Mercredi soir, lors de la concertation avec les parlementaires, et conformément à ce qui était prévu, le Premier ministre a indiqué attendre la remise de l’avis du Conseil scientifique le 1er avril pour maintenir ou non les élections régionales en juin. Concrètement, l’option de les reporter n’est pas « écartée », confiait à Public Sénat Patrick Kanner, le patron des sénateurs socialistes. « En gros, il y a une hypothèque mais pas besoin d’être grand clerc pour savoir que si la circulation est haute, une décision sera prise », abondait le président des centristes Hervé Marseille. « Si l’avis du Conseil est négatif, il faudra un nouveau texte », anticipait déjà, lui, le président du groupe écologiste Guillaume Gontard.

Report fin septembre, début octobre

Ce jeudi, le Figaro dévoile que l’exécutif prévoit bien de convoquer les chefs de partis début avril pour convenir d’une décision consensuelle. « L’obsession du Président est de protéger les gens. Il ne prendra pas de décision, y compris le maintien d’une campagne, qui irait à cet encontre. On sent bien, sans trahir de secret, que la situation va plus mal aujourd’hui qu’hier et il serait étonnant que le virus régresse dans quinze jours ou trois semaines », explique au quotidien l’entourage du chef de l’Etat.

C’est bien l’organisation de la campagne électorale qui préoccupe le château. « Si on n’a pas un délai de deux mois pendant lequel les gens peuvent se rencontrer, il est compliqué de faire campagne », poursuit l’Elysée. Un véhicule juridique serait d’ailleurs déjà « quasi-prêt ». Comme le prévoyait Guillaume Gontard, le gouvernement présenterait alors un nouveau texte au Parlement en avril pour reporter les élections cet automne, en septembre ou octobre.

« Je suis persuadé que les régionales n’auront pas lieu en juin »

Une lourde décision qui ne serait pas sans conséquences politiques et techniques.

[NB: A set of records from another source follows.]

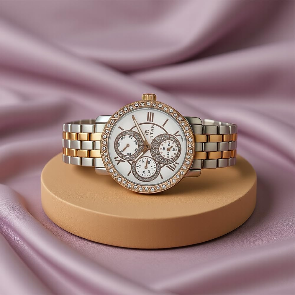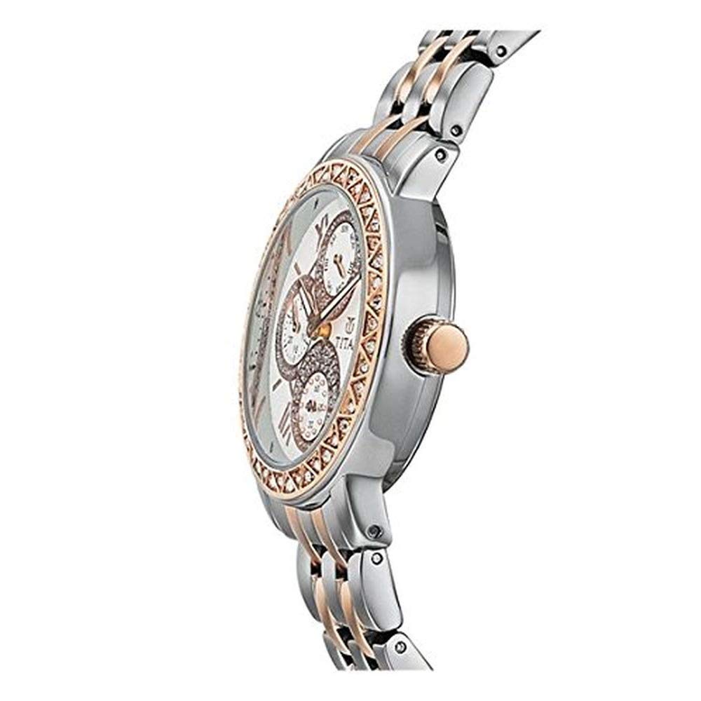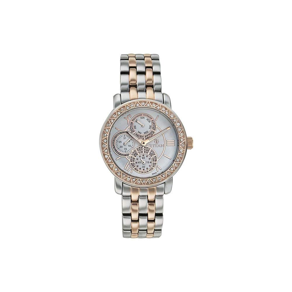 Details: This analog watch for women has a round, silver-white dial, featuring two plain hands and three subdials. A crown on the studded case lets you adjust the time. Its rose gold and silver brass strap is fastened by a jewellery clasp.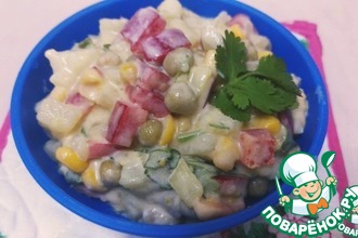 Для заправки: смешать соевый соус, сок лимона и масло. При необходимости добавить соль, молотый перец. Заправить салат и аккуратно перемешать.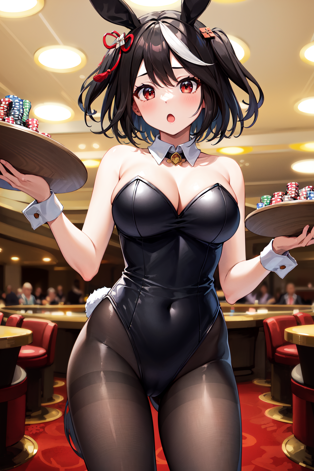 bbkitasan, animal ears, short hair, streaked hair, hair ornament, horse tail, tracen training uniform, red jacket, track jacket, long sleeves, red pants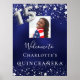 Um poster de boas-vindas para uma Quinceañera cinzenta e glamourosa, festa de aniversário 15. Um fundo azul marinho decorado com estrelas de falso prata. A cor azul é irregular. Personalize e adicione uma foto e um nome. O número 15 é escrito com uma fonte no estilo do balão.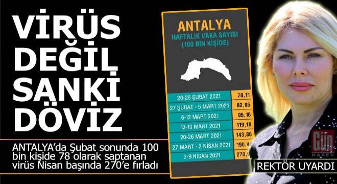 Akdeniz Üniversitesi Rektörü Prof. Dr. Özlenen Özkan'da, tıpkı döviz kuru gibi giderek artan virüs tablosunu paylaştı ve şu uyarıda bulundu: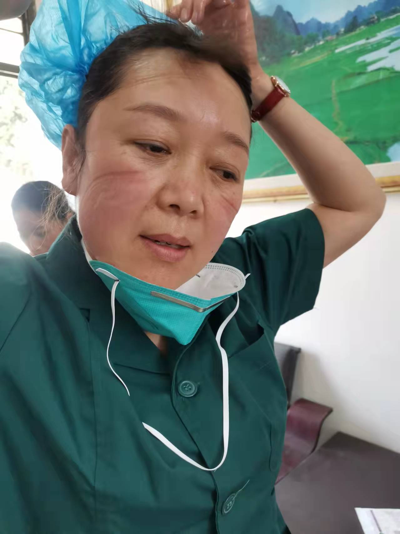 10多天來,雷雪玲總是早出晚歸,穿著厚厚的隔離服,戴著橡膠手套、防護眼鏡、帽子和面罩,套著過膝的腳套,連續(xù)工作數(shù)十個小時,期間不能上衛(wèi)生間、不能喝水,甚至不能擦擦汗。天氣寒冷,但是一天工作下來,她總是被厚厚的防護服悶得汗流浹背,手被泡得發(fā)白,臉上也被口罩勒出層層痕跡,加上本來就患有心臟病的她,經常會體力不支,但是她卻不顧病痛的折磨,從未請過一次假,每天都堅持帶病入戶采樣。晚上工作結束,她的雙腿已經麻木,也顧不上休息片刻又匆忙準備第二天檢測需要的試劑,有時為了方便早上出發(fā),她直接和衣而臥。她的這種不怕苦,不怕累,舍小家為大家的犧牲精神深深感動著每一位醫(yī)護人員!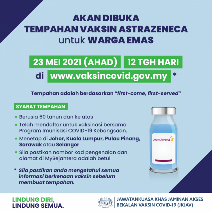 阿斯利康疫苗第二阶段的接种计划,仅开放予吉隆坡、雪兰莪、槟城、柔佛和砂拉越,5个州属或城市,年满60岁或以上的乐龄人士登记。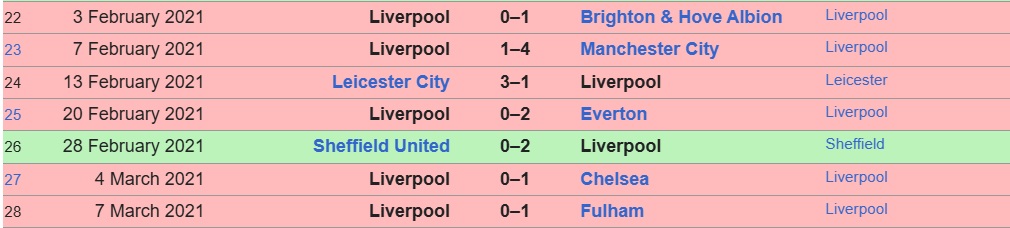 แพ้ 4 นัดติด ในช่วงนั้น 7 นัดชนะ 1 แพ้ 6 นัด (คาบ้าน 6 นัดติด)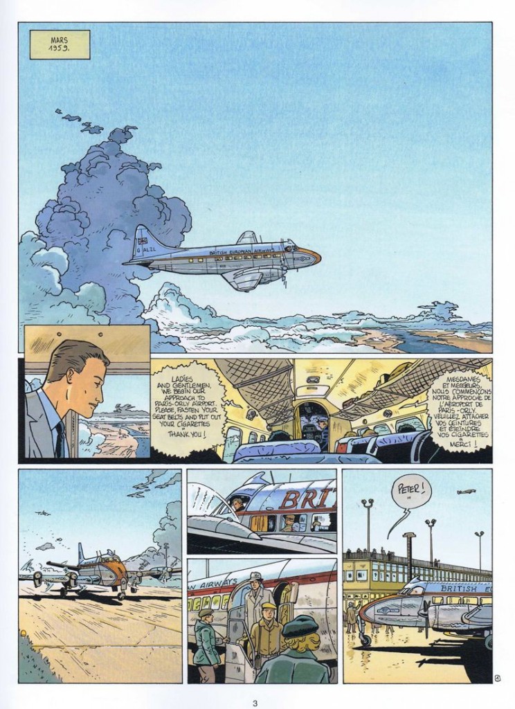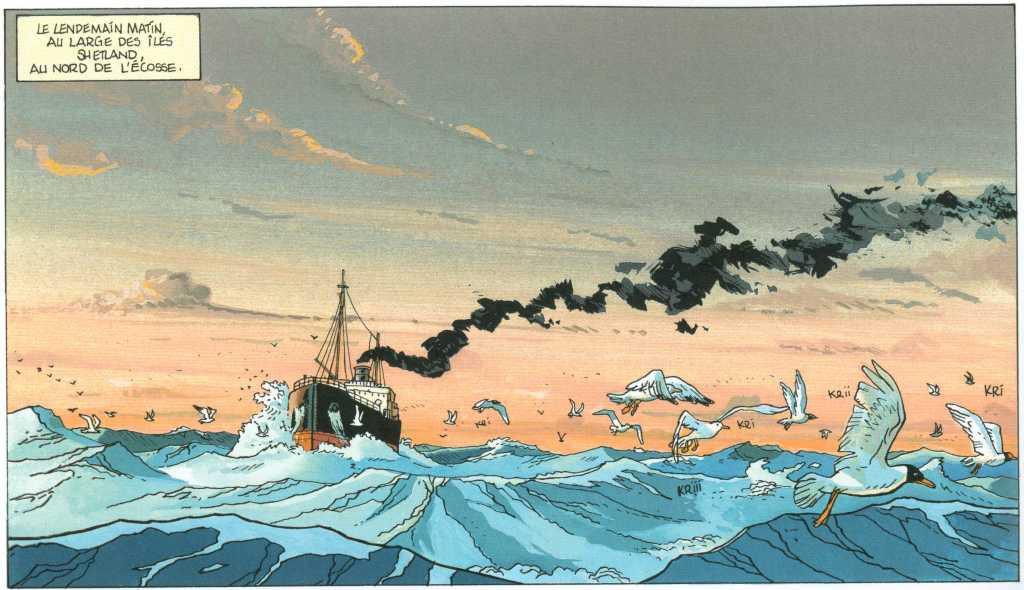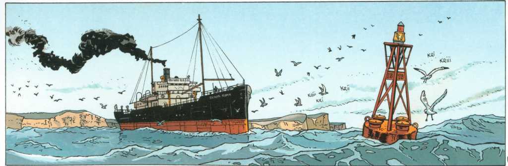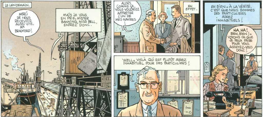 Il en profite pour nous faire visiter le Mont Saint-Michel ou la ville de Londres, magnifiquement dessinés. Bruno Marchand a le chic pour nous dessiner dans les moindres détails les lieux parcourus par les deux personnages principaux. En plus, le domaine maritime y est décrit de façon très précise et extraordinaire. Rien à redire, c’est parfaitement bien rendu. Le dessin est dans le style « ligne claire », le trait est dépouillé pour les personnages mais très détaillé et très précis pour les décors, les navires, les avions, les automobiles. C’est le point fort de l’album.

D’abord, il faudra tirer au clair le potentiel chevauchement des comptes de campagne des élections régionales et départementales avec ceux de la campagne présidentielle. Ensuite, parce que certains partis ont fait de cette élection une quasi primaire pour déterminer leur candidat à la présidentielle. Notamment à droite où Xavier Bertrand a fait de sa réélection dans les Hauts-de-France la condition sine qua non de sa présence à la course à l’Elysée.

Décaler les élections bouleverserait l’agenda des Républicains qui doivent se retrouver début septembre pour départager les nombreux candidats putatifs. « Je ne conçois pas qu’on puisse reporter une échéance démocratique », s’est inquiété sur Sud Radio mardi le secrétaire général de LR Aurélien Pradié, lui-même candidat aux régionales en Occitanie. Pourtant, l’état-major des Républicains se prépare à la perspective d’un report depuis quelque temps. « Je suis persuadé que les régionales n’auront pas lieu en juin. On y réfléchit », nous confiait il y a quelques semaines un ténor de la rue de Vaugirard. Rendez-vous en avril.